▶ About this exercise: Where an image appears, leave it out; otherwise repeat the data exactly.

▶ Dataset records:
═══

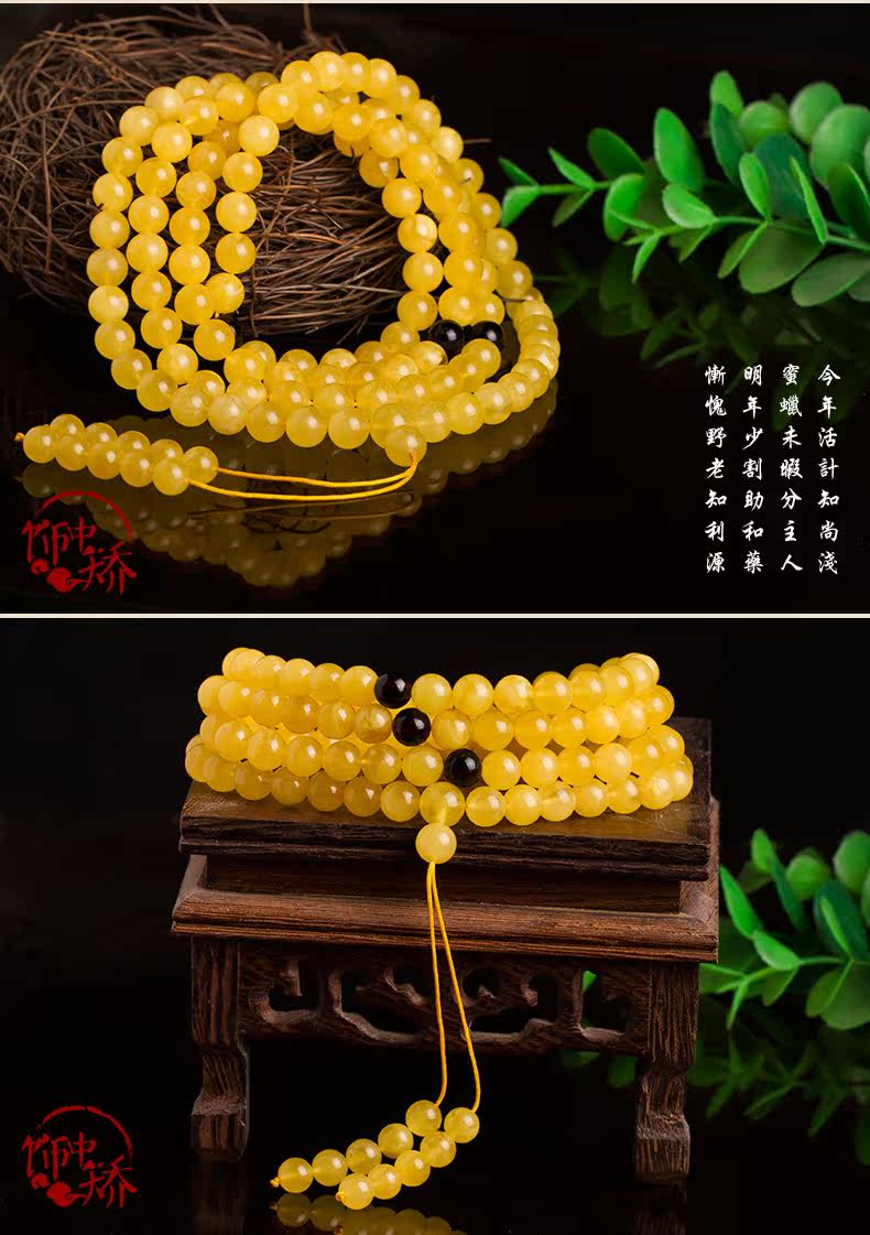 饰中矫 Натуральная природная руда из воскового агата, оригинальный браслет подходит для мужчин и женщин, 108 бусин, женский стиль
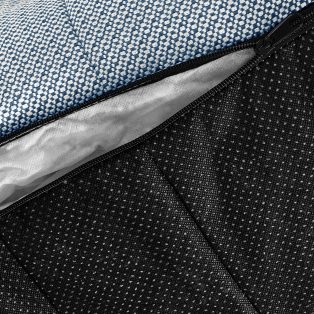 - Zusätzliche Informationen: Außenbezug aus wasserabweisendem Stoff, in die Möbelstruktur eingenäht, nach innen versteckbar und mit Reißverschluss verschließbar, Eingenähter Gummizug in der Hülle verhindert ein Verrutschen vom Möbelstück, Griff aus Polsterband zum leichteren Tragen, Unterseite des Möbelstücks aus rutschfestem Stoff
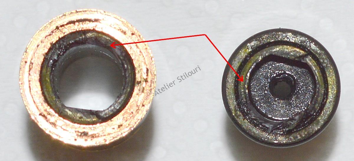 Dupa curatarea sumara a sectiunii, am gasit cauza scurgerilor de cerneala: forfecarea (ruperea) conectorului la imbinarea sectiune/port cartus. De aceea clientul avea probleme cu cerneala care se scurgea in zona dintre sectiune si corpul general. Practic, separatia era aproape completa, cele doua sectiuni ramanand in contact doar prin feedul care le tinea strans, trecand prin ambele sectiuni. Nu ar fi o problema sudura, insa in timp, unele bucatele din ruptura au disparut, ceea ce face mult mai grea sudura corecta si uniforma intre cele doua piese.
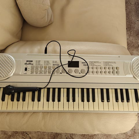 Legetøjskyeboard med demo sange og rytmer.
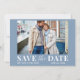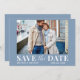 Det moderna Trendiget Spara datumfotokortet med blockskript och calligraphy-skriptkombination. Dusty Blue.

═══

▶ Exercise answer:
 饰中矫 Натуральная природная руда из воскового агата, оригинальный браслет подходит для мужчин и женщин, 108 бусин, женский стиль
 - Zusätzliche Informationen: Außenbezug aus wasserabweisendem Stoff, in die Möbelstruktur eingenäht, nach innen versteckbar und mit Reißverschluss verschließbar, Eingenähter Gummizug in der Hülle verhindert ein Verrutschen vom Möbelstück, Griff aus Polsterband zum leichteren Tragen, Unterseite des Möbelstücks aus rutschfestem Stoff
 Dupa curatarea sumara a sectiunii, am gasit cauza scurgerilor de cerneala: forfecarea (ruperea) conectorului la imbinarea sectiune/port cartus. De aceea clientul avea probleme cu cerneala care se scurgea in zona dintre sectiune si corpul general. Practic, separatia era aproape completa, cele doua sectiuni ramanand in contact doar prin feedul care le tinea strans, trecand prin ambele sectiuni. Nu ar fi o problema sudura, insa in timp, unele bucatele din ruptura au disparut, ceea ce face mult mai grea sudura corecta si uniforma intre cele doua piese.
 Legetøjskyeboard med demo sange og rytmer.
 Det moderna Trendiget Spara datumfotokortet med blockskript och calligraphy-skriptkombination. Dusty Blue.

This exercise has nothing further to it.